The following is copped from a support email by Stephen Sorkin who is the man behind the splunk server curtain … thought it should go broader.
I’m the manager of the search and indexing team at Splunk. We’re still in the process of writing up our findings from storage benchmarks but here are the general details.
High IO/s typically means both faster indexing in general and faster searching of rare, temporally incoherent events. On average, we’ve seen indexing speeds increase by about 66% going from an 7200 RPM SATA RAID to a 15K RPM SCSI RAID. We’ve seen comparable performance from SCSI and SAS RAIDs, provided they’re 15K RPM.
The best best benchmarking tool we’ve found for measuring how Splunk will behave on your disk hardware is bonnie++. If your disk subsystem can sustain 800 IO/s, you’re in good shape.
As far as searching goes, IO/s is the dominant factor for non-coherent, infrequently accessed search results.

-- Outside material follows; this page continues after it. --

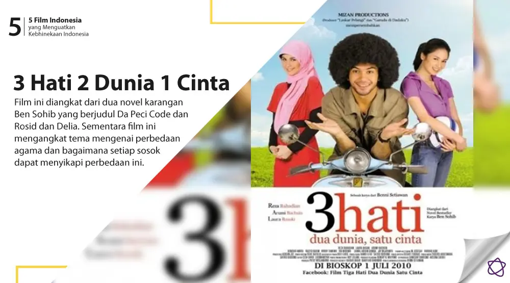 Karena sudah menjadi darah daging dalam hidup bermasyarakat, Bhineka Tunggal Ika juga menjadi insiprasi sineas dalam membuat film. Berikut 5 film Indonesia yang menguatkan Kebhinekaan Indonesia.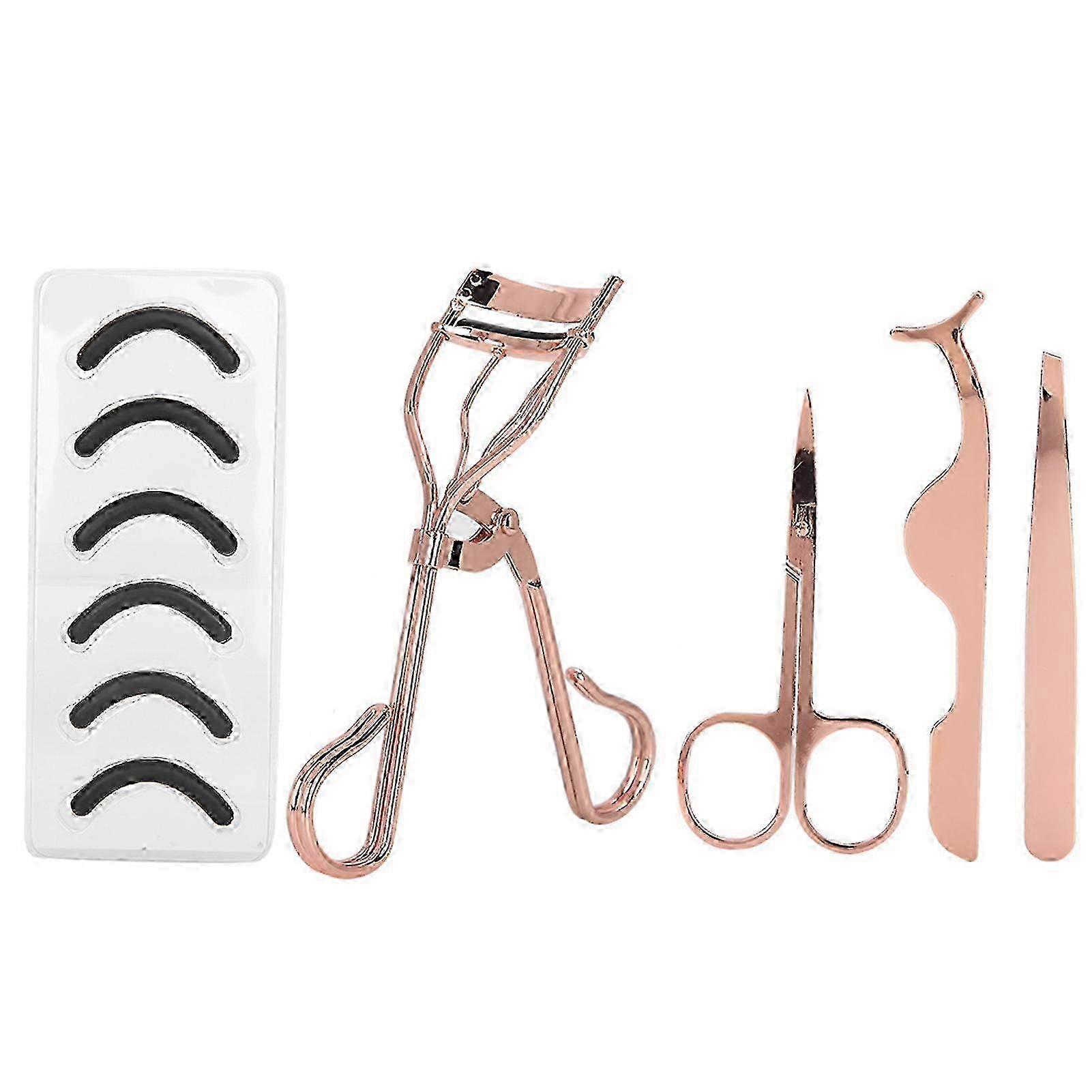 4pcs Rose Gold Eyelash Curler Scissors Tweezers Makeup Set

This means, if you’re just searching for the newest data, or even have to reach back through 1MM events to return 10k, the disk is NOT the bottleneck, since each individual read() will pull many events off disk. However, if you’re searching for a rare term, like a name, that occurs once an hour or once a day, each read() is going to require the drive arm move. If you’re using a 7200 RPM SATA drive, that’s about 100 IO/s and hence on the order of 100 retrieved events per second. If you have a decent RAID, that could be 800 retrieved events per second.